Day: August 16, 2007

Getting ready

Today was the day of “trying to wrap my head around the new school schedule that begins next week.” Last night was the night of “nearly hyperventalating in panic at the thought of all the things that our family needs to accomplish in the next 9 months.” Fortunately it occured to me that in order to get everything done I just need to put everything on the calendar and worry about it when I get there. Now is not the time to be fretting over shipping books. Now is the time to be making sure that there is a book to ship. So I decided that I’m not allowed to stress over anything beyond September 30. One month’s worth of things is plenty.
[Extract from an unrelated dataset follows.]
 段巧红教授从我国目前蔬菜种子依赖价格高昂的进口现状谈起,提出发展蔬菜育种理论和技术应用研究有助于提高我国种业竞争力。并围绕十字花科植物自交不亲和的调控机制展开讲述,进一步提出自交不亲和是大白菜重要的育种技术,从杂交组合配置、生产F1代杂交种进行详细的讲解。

Tomorrow I’ll be going school shopping. Last year I was very smug in the fact that I didn’t have to do any school shopping because I’d been keeping track of clothing inventories and planning ahead by going to the thrift store. This year I forgot to plan ahead. Now I’m wondering why I didn’t do some of this back in June when I was fretting over having a long summer full of nothing. Whatever the reason I didn’t get it done and tomorrow I must shop. I’ll be starting at the thrift store because money is tight again. It does that when we go a whole year without releasing a new book.
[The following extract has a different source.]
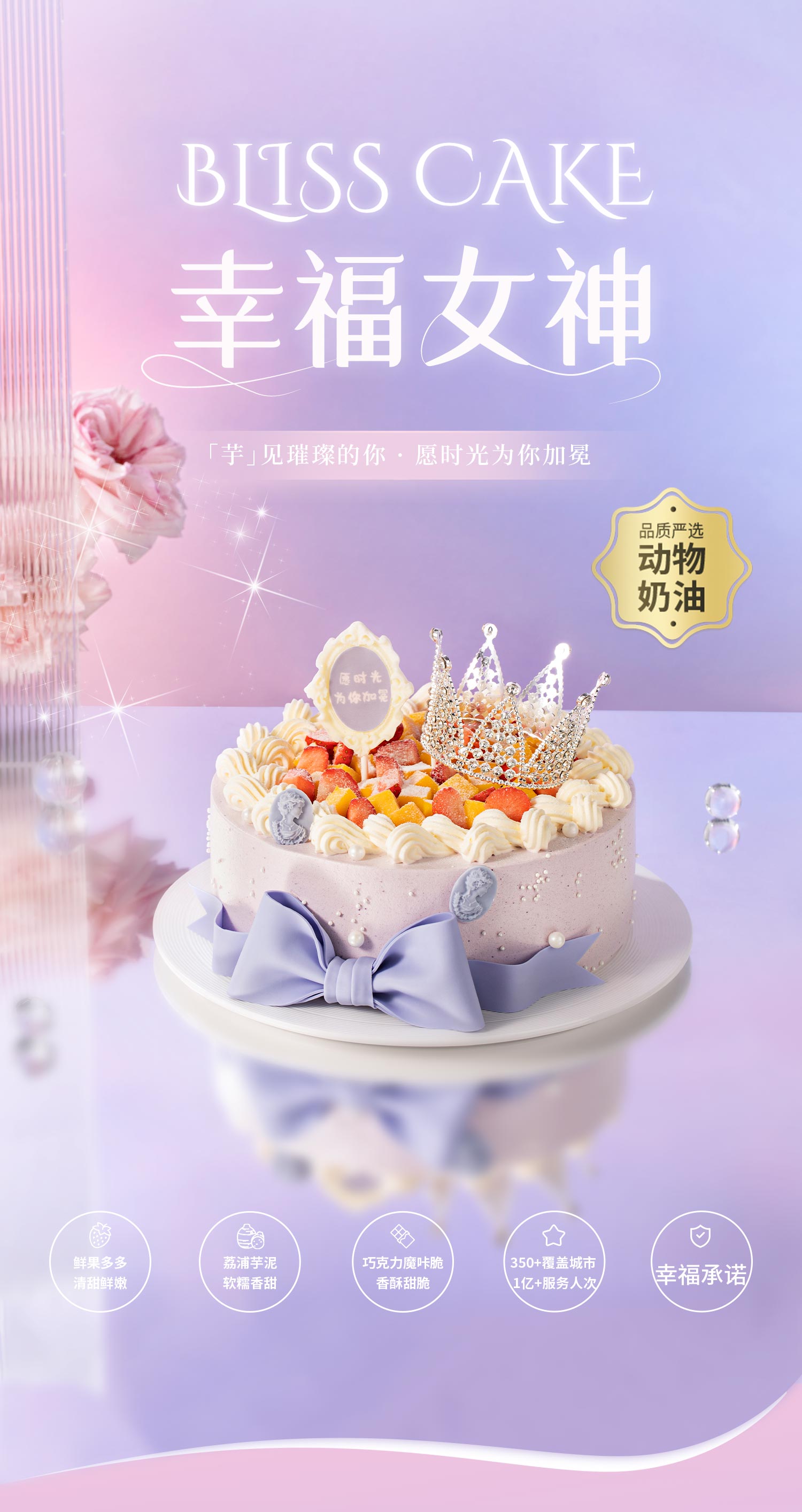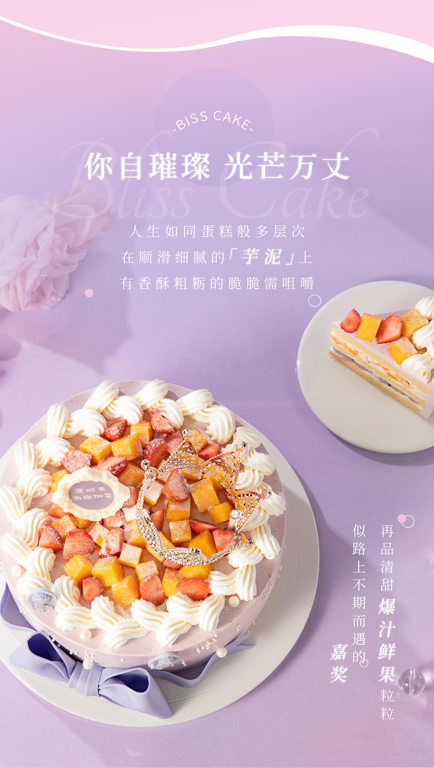 【幸福女神】送女神推荐的生日蛋糕,璀璨皇冠自带光芒,愿你做自己的女王;草莓+芒果粒夹心搭配软糯香甜的荔浦芋泥,水果营养,口感丰富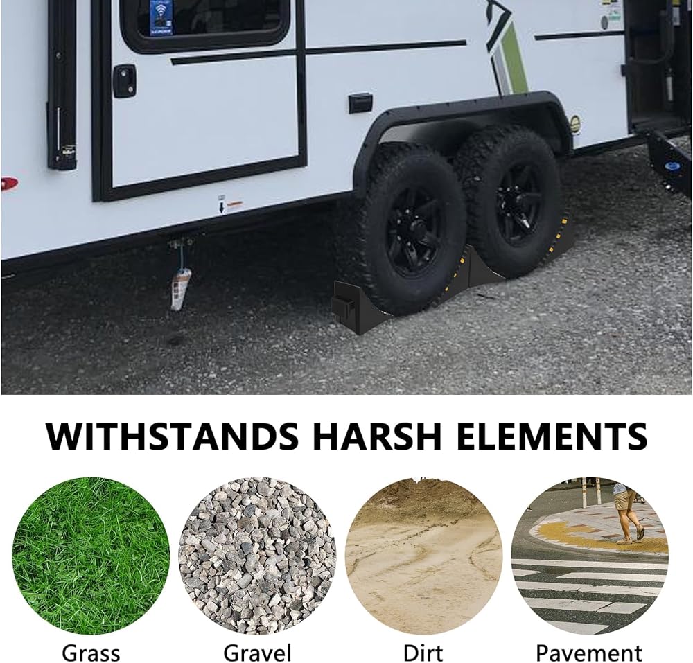 • ALL-WEATHER NYLON REINFORCED RUBBER: Unlike cheap plastic or rubber wheel chocks that shatter, slip, rip, or crack, these wheel chocks are made of reinforced nylon and rubber, making them solid and 2x stronger than regular rubber. They are designed to withstand dirt, dust, salt, ice, mud, sun, sand, and heat.

School starts on Tuesday. I have many things to do to get ready.

The Deep End of the Pool

I think this writing group thing is like swimming. Everyone does some flailing and splashing and swallowing water. I actually do know how to swim. I know how to give and receive critiques. My techniques may need some polishing, but I’ve got the basics. But I’m like the child who swims great where she can touch the bottom, but panics when thrown into the deep end. The depth of the water below doesn’t change the mechanics of swimming at all, but knowing that the water is deep is scary.

By joining this writers group, I’ve jumped into the deep end of the pool. All of these people have been focused on writing-as-a-career for longer than I have. They’ve all had prior experience with writer’s groups. They’ve been to writers camps. Some of them are published novelists with agents and careers on the go. Every week I’m excited just to get to read what they’ve written. These are high-caliber writers. I’ve definitely jumped into the deep water.

I just need to remember that I know how to swim. I can do this as long as I can stop being afraid.

In the deep end it’s sink or swim. I don’t intend to sink, so I need to calm down and swim.